One week. Statistically significant differences in mean precision ratings were found for feedback
type at 1 week post-training, F(2, 158) = 12.459, p < 0.0005. Post hoc analysis with a Bonferroni adjustment revealed that ratings of
precision were statistically significantly higher for KP compared to KR (0.592 [95%
CI, 0.301–0.883], p < 0.0005) and KP compared to KP + KR (0.384 [95% CI, 0.060–0.708], p = 0.014), but not KP + KR compared to KR (0.208 [95% CI, −0.057 to 0.473], p = 0.177).
Timepoint. Finally, there were no statistically significant differences in mean precision ratings
at 1 day post-training opposed to 1 week post-training for all feedback conditions.
For the KR condition, mean precision ratings were 0.044 (95% CI, −0.197 to 0.109)

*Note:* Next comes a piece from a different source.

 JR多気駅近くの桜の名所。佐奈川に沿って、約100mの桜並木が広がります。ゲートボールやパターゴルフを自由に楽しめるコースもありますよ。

lower at 1 day post-training as opposed to 1 week post-training, F(1, 79) = 0.324, p = 0.571. For the KP condition, mean precision ratings were 0.097 (95% CI, −0.244
to 0.050) lower at 1 day post-training as opposed to 1 week post-training, F(1, 79) = 0.374, p = 0.573. For the KP + KR condition, mean precision ratings were 0.131 (95% CI, −0.011
to 0.273) higher at 1 day post-training as opposed to 1 week post-training, F(1, 79) = 0.688, p = 0.069.
Naturalness
A two-way repeated measures ANOVA was run to determine the effect of different feedback
conditions on listener ratings of naturalness at two timepoints. Analysis of the studentized
residuals showed that there was normality for all conditions at both timepoints (p > 0.05) except for the KP condition at 1 week post-training (p = 0.008), as assessed by the Shapiro–Wilk test of normality. There were no outliers
for all feedback conditions at both timepoints, as assessed by no studentized residuals
greater than ± 3 SDs. The assumption of sphericity was violated, as assessed by Mauchly's
test of sphericity, χ
2(2) = 23.025, p = 0.0005. Therefore, the Greenhouse–Geisser correction was applied (ε = 0.796). There
was a statistically significant interaction between feedback type and time on listener
ratings of naturalness, F(1.593, 125.835) = 18.546, p = 0.0005. Therefore, simple main effects were run to further examine effects of feedback
type on listener ratings at 1 day and 1 week post-training.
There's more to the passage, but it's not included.